Here is the full range of what the JSON-LD block can contain:
{
"@context": "https://schema.org",
"@type": "Person",
"name": "Jane Smith",
"jobTitle": "VP of Engineering",
"worksFor": {
"@type": "Organization",
"name": "TechCorp"
},
"url": "https://www.linkedin.com/in/janesmith",
"image": "https://media.licdn.com/dms/image/v2/...",
"address": {
"@type": "PostalAddress",
"addressLocality": "San Francisco Bay Area"
},
"alumniOf": {
"@type": "EducationalOrganization",
"name": "Massachusetts Institute of Technology"
},
"sameAs": [
"https://twitter.com/janesmith",
"https://github.com/janesmith"
]
}
A robust JSON-LD parser that handles all the variants I have encountered:
def parse_json_ld_person(data: dict) -> dict:
"""Parse a schema.org Person JSON-LD object into clean fields."""
result = {}
# Basic identity
result["full_name"] = data.get("name", "")
result["current_title"] = data.get("jobTitle", "")
# Current employer -- can be string or Organization object
works_for = data.get("worksFor", {})
if isinstance(works_for, dict):
result["current_company"] = works_for.get("name", "")
elif isinstance(works_for, str):
result["current_company"] = works_for
# Location -- can be string or PostalAddress object
address = data.get("address", {})
if isinstance(address, dict):
result["location"] = address.get("addressLocality", "")
elif isinstance(address, str):
result["location"] = address
# Education -- can be single object or list
alumni_of = data.get("alumniOf", [])
if isinstance(alumni_of, dict):
alumni_of = [alumni_of]
result["education"] = []
for edu in alumni_of:
if isinstance(edu, dict):
result["education"].append(edu.get("name", ""))

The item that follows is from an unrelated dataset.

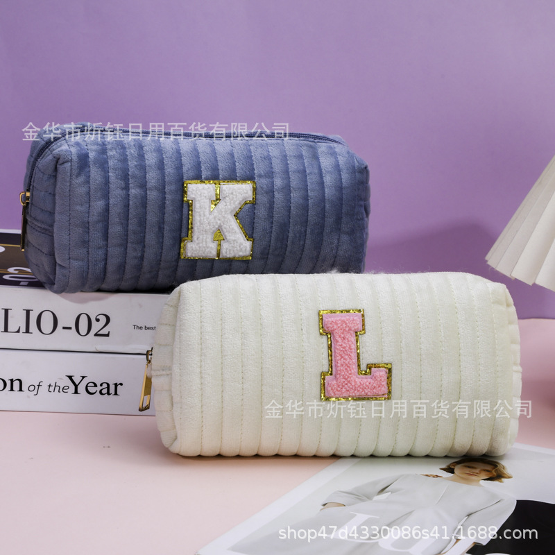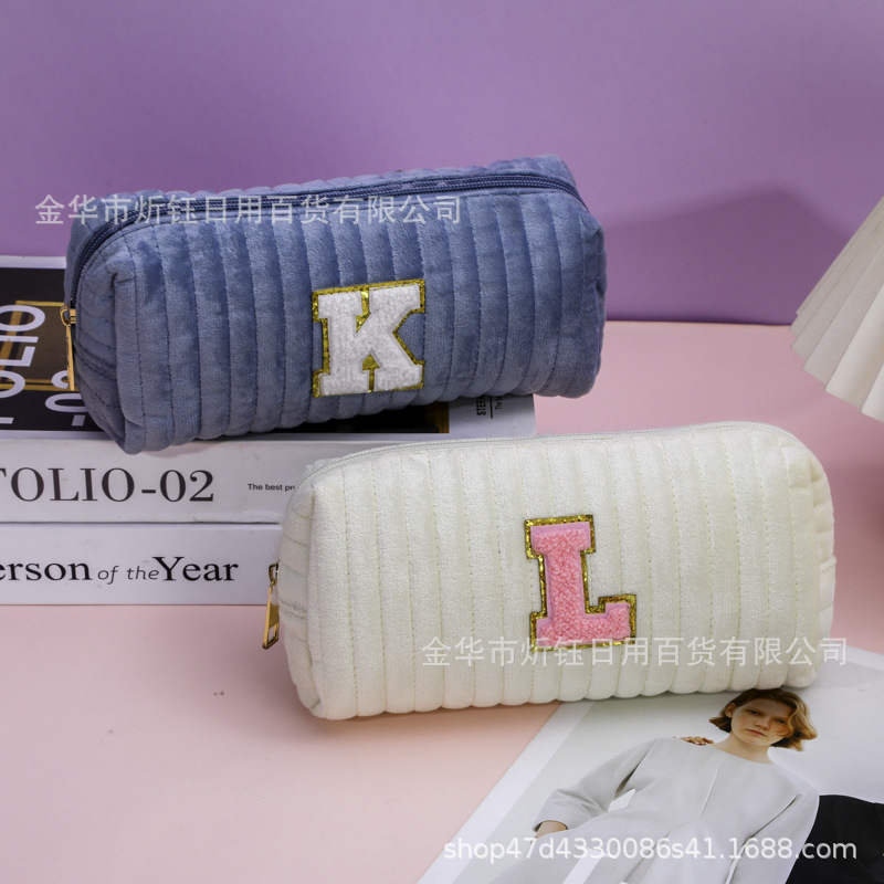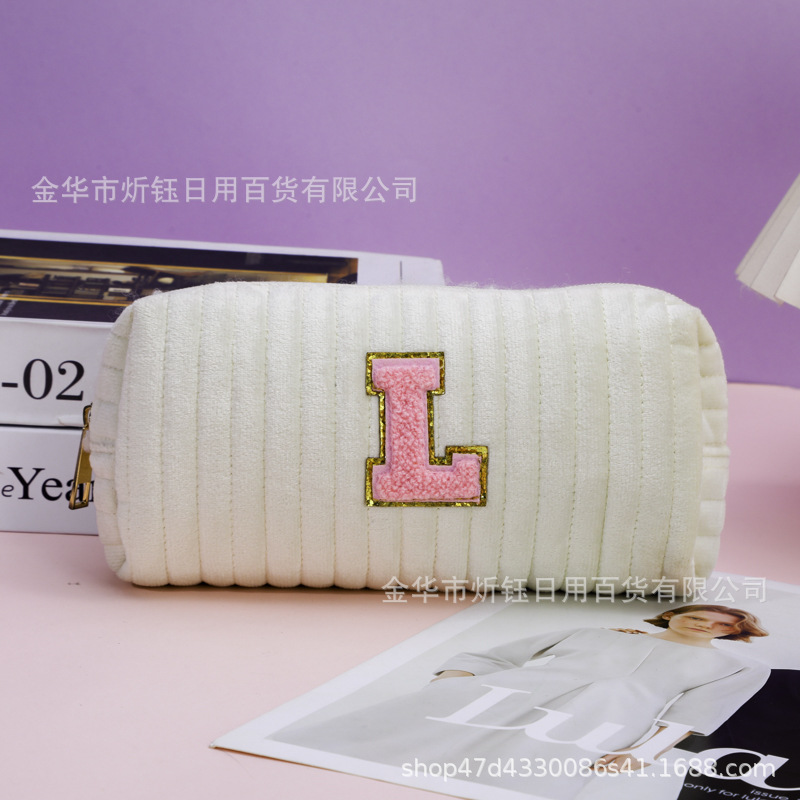 厂家直销跨境亚马逊爆款天鹅绒绗缝雪尼尔字母化妆包化妆品收纳袋

elif isinstance(edu, str):
result["education"].append(edu)
# Social links
same_as = data.get("sameAs", [])
if isinstance(same_as, str):
same_as = [same_as]
result["social_links"] = same_as
# Profile image
result["image_url"] = data.get("image", "")
# Profile URL
result["profile_url"] = data.get("url", "")
return result
When you need more than what meta tags provide -- full work history, education details, skills, and about section -- you need a headless browser that renders the full JavaScript application.
# full_scraper.py
from playwright.async_api import async_playwright
from playwright_stealth import stealth_async
import asyncio
import json
import random
import logging
logger = logging.getLogger(__name__)
USER_AGENTS = [
"Mozilla/5.0 (Macintosh; Intel Mac OS X 10_15_7) AppleWebKit/537.36 (KHTML, like Gecko) Chrome/122.0.0.0 Safari/537.36",
"Mozilla/5.0 (Windows NT 10.0; Win64; x64) AppleWebKit/537.36 (KHTML, like Gecko) Chrome/122.0.0.0 Safari/537.36",
]
async def scrape_full_profile(
profile_url: str,
proxy: str = None
) -> dict:
"""Scrape full LinkedIn profile using headless browser.

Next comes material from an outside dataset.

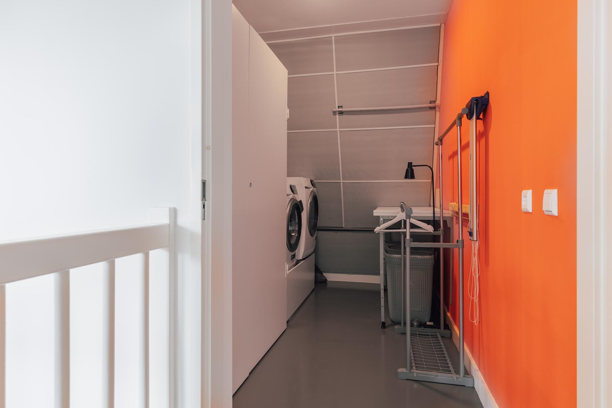 Verder bevindt zich op deze verdieping nog de ruime was-/bergruimte voor het opbergen van spullen. De opstelling van de warmtepomp, mechanische ventilatie (2024), wasmachine en droger.

Returns comprehensive profile data including work history,
education, and about section.
"""
launch_kwargs = {"headless": True}
if proxy:
launch_kwargs["proxy"] = {"server": proxy}
async with async_playwright() as p:
browser = await p.chromium.launch(**launch_kwargs)
context = await browser.new_context(
user_agent=random.choice(USER_AGENTS),
viewport={"width": 1280, "height": 900},
locale="en-US",
timezone_id="America/New_York",
)
page = await context.new_page()
await stealth_async(page)
try:
await page.goto(profile_url, wait_until="networkidle", timeout=30000)
# Check for auth wall
current_url = page.url
if "authwall" in current_url or "login" in current_url:
raise Exception("Auth wall -- profile not accessible without login")
# Check for 999 block page
content = await page.content()
if "999" in await page.title() or len(content) < 5000:
raise Exception("LinkedIn block page detected")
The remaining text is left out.